Lin and Karin also discuss the role of immunosuppressive and antiinflammatory cytokines and factors in tumor development and growth. It seems that IL-10 and TGF-β can exhibit tumor-suppressing activity under certain circumstances; mice lacking either IL-10 or TGF-β1 are more susceptible to cancer in response to infection with enteric bacteria (7072). By contrast, these factors can also promote tumor growth and development. Activation of STAT3 in tumor cells endows them with enhanced survival, metastatic, and angiogenic properties and confers suppressive effects on inflammatory and immune responses in the tumor microenvironment through the production of IL-10, IL-6, and VEGF (73). These factors inhibit DC activation, suppress T cell responses; block the proinflammatory effects of macrophages, NK cells, and neutrophils; and facilitate the induction of Tregs (41, 7375). Moreover, STAT3 activation induces the downregulation of molecules necessary for functional antitumor immune responses (e.g., IL-12, IFN-γ, and IFN-β), which are also produced following NF-κB activation. Therefore, STAT3 can block the ability of NF-κB to stimulate antitumor immunity (76, 77) but cooperate with it to promote oncogenesis (73). Small-molecule inhibitors targeting STAT3 directly or indirectly can block the signaling effects of cytokines such as IL-6 and TGF-β and reverse the abnormal differentiation of DCs in cancer (41, 78).

Cancer vaccines and immunotherapy: a reality?

The most successful example of a vaccine that protects against developing cancer is the HBV vaccine, which protects individuals from hepatitis B and thereby reduces the likelihood of developing liver cancer (79). Likewise, the new vaccines used to prevent infection with HPV have been associated with reduced cervical dysplasia (80). Of course, these illustrate the relatively easy job of inducing protective antiviral immunity compared with inducing immunity to tumor antigens, many of which are self antigens. Can successful vaccines for cancers not associated with infectious agents be developed? Is it possible to develop immunotherapies to effectively eliminate existing tumors? The final three articles in this Review series highlight advances in immunological approaches to treat tumors.

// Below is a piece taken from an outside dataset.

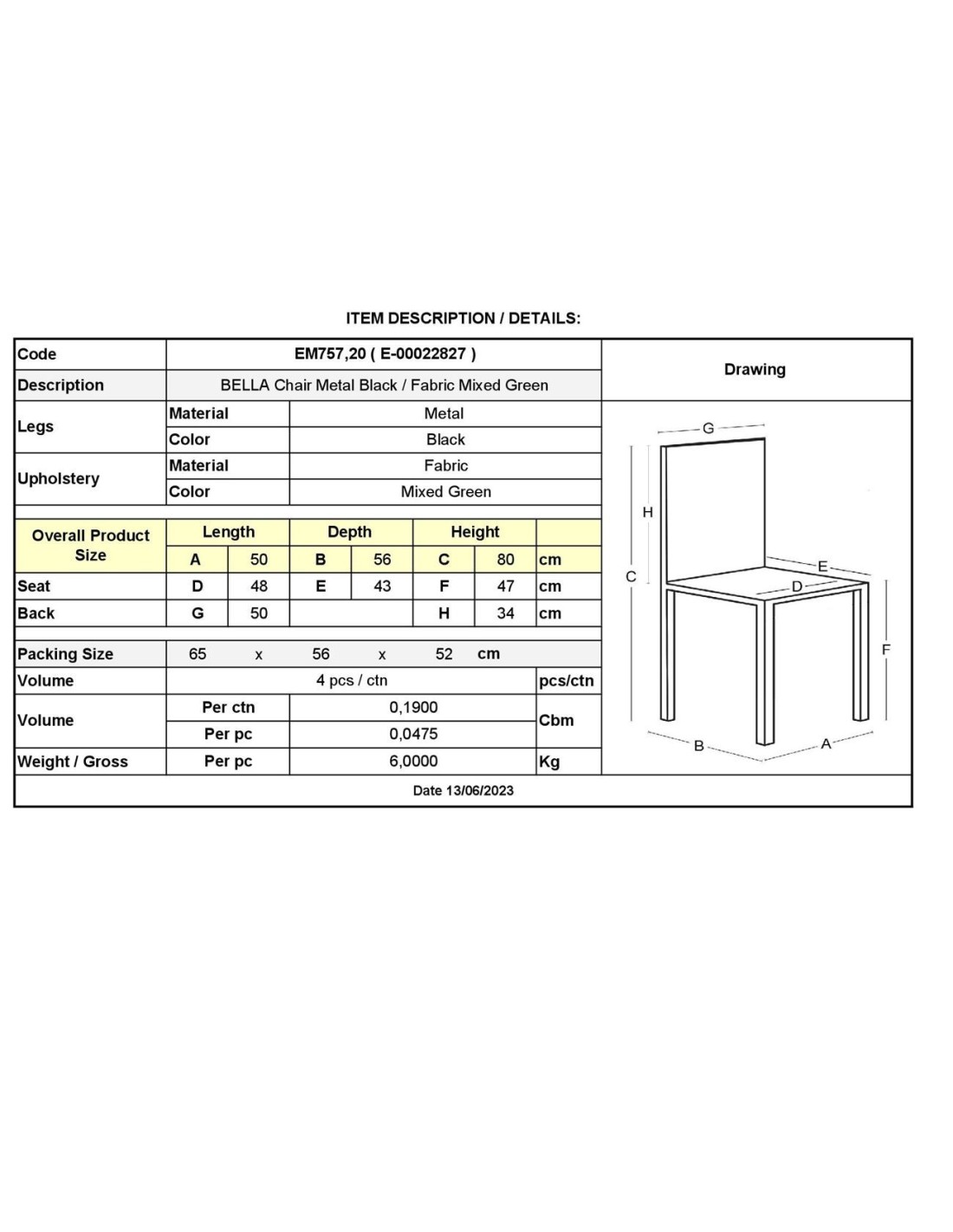 BELLA Καρέκλα Τραπεζαρίας, Μέταλλο Βαφή Μαύρο, Ύφασμα Απόχρωση Mixed Green

Novel adjuvants. TLR agonists are an exciting new class of vaccine adjuvants. Oligodeoxynucleotides containing one or more unmethylated CpG dinucleotides (CpG ODN), which target TLR9 and are the subject of the Review by Arthur Krieg (81), are probably the furthest along in clinical testing (82). Their adjuvant activity is based on their ability to activate human B cells and plasmacytoid DCs, the two main cell types that express TLR9 in humans. From several animal models, it is apparent that unmethylated CpG ODN can stimulate antitumor immunity, in some cases quite effectively. In humans, unmethylated CpG ODN enhance the immunogenicity of HBV and influenza vaccines (82) and can amplify the adjuvant effects of incomplete Freund’s adjuvant (IFA) in the tumor setting. Responses of CD8+ T cells from the blood to the HLA-A*0201–restricted melanoma-associated antigen recognized by T cells 1 (MART1) epitope were increased by more than 10-fold when CpG ODN were added to a mixture of the epitope and IFA, compared with the mixture alone (83), although they were qualitatively inferior within tumor sites (84). Incorporation of CpG ODN into vaccine mixtures will require optimization, however, as the responses obtained thus far in humans and nonhuman primates have not yet proven to be protective. Nevertheless, CpG ODN can synergize with other antitumor modalities by enhancing underlying antitumor immune responses after chemotherapy-mediated elimination of Tregs or other suppressive mechanisms. Furthermore, the addition of CpG ODN to chemotherapy (a combination of a taxane and a platinum-based drug) in untreated non–small cell lung cancer improved the response rate but not survival, compared with the chemotherapy alone (85), a result that is now being followed up in a phase III clinical trial. However, there are potential downsides to CpG ODN therapy, as under certain situations, CpG ODN contribute to the induction of Tregs (86), and this will require careful evaluation in humans. Although autoimmunity has not been described thus far, side effects such as thrombocytopenia will also need to be evaluated in larger human studies.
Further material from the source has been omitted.